What's easy to find:
1. title =  titleColumn (with tag td)
2. Imdb rating = ratingColumn.idbmRating  (with tag td)

What about the other stuff?

We can find what's within tags using `find`

In [22]:
imdb_soup.find('td', {'class': 'titleColumn'})

<td class="titleColumn">
      1.
      <a href="/title/tt0111161/" title="Frank Darabont (dir.), Tim Robbins, Morgan Freeman">The Shawshank Redemption</a>
<span class="secondaryInfo">(1994)</span>
</td>

In [23]:
imdb_soup.find('td', {'class': 'ratingColumn'})

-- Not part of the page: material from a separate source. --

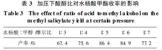 由表2可知,隨著醇量的增加,反應(yīng)溫度下降;相反,醇量下降,反應(yīng)溫度升高,收率增大。可見(jiàn),反應(yīng)溫度在一定范圍內(nèi)對(duì)收率的影響要大于醇量的影響,而常壓反應(yīng)溫度受制于甲醇的沸點(diǎn)。因此,本實(shí)驗(yàn)通過(guò)加壓的方法提高反應(yīng)溫度。并在加壓的反應(yīng)條件下:水楊酸20.7g,對(duì)甲苯磺酸0.5g,反應(yīng)時(shí)間6h,反應(yīng)壓力140kPa,考察了醇酸比對(duì)收率的影響,結(jié)果見(jiàn)表3。

<td class="ratingColumn imdbRating">
<strong title="9.2 based on 2,707,952 user ratings">9.2</strong>
</td>

We will use the `.find_all()` method to search the HTML tree for particular tags and get a `list` with all the relevant objects.

In [24]:
imdb_title = imdb_soup.find_all('td', {'class': 'titleColumn'})

In [26]:
imdb_title

[<td class="titleColumn">
       1.
       <a href="/title/tt0111161/" title="Frank Darabont (dir.), Tim Robbins, Morgan Freeman">The Shawshank Redemption</a>
 <span class="secondaryInfo">(1994)</span>
 </td>,
 <td class="titleColumn">
       2.
       <a href="/title/tt0068646/" title="Francis Ford Coppola (dir.), Marlon Brando, Al Pacino">The Godfather</a>
 <span class="secondaryInfo">(1972)</span>
 </td>,
 <td class="titleColumn">
       3.
       <a href="/title/tt0468569/" title="Christopher Nolan (dir.), Christian Bale, Heath Ledger">The Dark Knight</a>
 <span class="secondaryInfo">(2008)</span>
 </td>,
 <td class="titleColumn">
       4.
       <a href="/title/tt0071562/" title="Francis Ford Coppola (dir.), Al Pacino, Robert De Niro">The Godfather Part II</a>
 <span class="secondaryInfo">(1974)</span>
 </td>,
 <td class="titleColumn">
       5.
       <a href="/title/tt0050083/" title="Sidney Lumet (dir.), Henry Fonda, Lee J. Cobb">12 Angry Men</a>
 <span class="secondaryInfo">(

In [34]:
# you can turn this into a dataframe, but it's quite messy 
# and we'd need to clean it up and it's the first bit of what we want
imdb_table= pd.DataFrame(imdb_title).drop([2,4],1)
imdb_table[0]= imdb_table[0].str.strip('\n .')
imdb_table[1]= imdb_table[1].str.join(', ') #turn lists into values
imdb_table[3]= imdb_table[3].str.join(', ').str.strip('( )')
imdb_table.columns='ranking','movie','year'
imdb_table

##tbh, I often scrape like this and then join pieces of the dataframes together. Doesn't really matter how you do it.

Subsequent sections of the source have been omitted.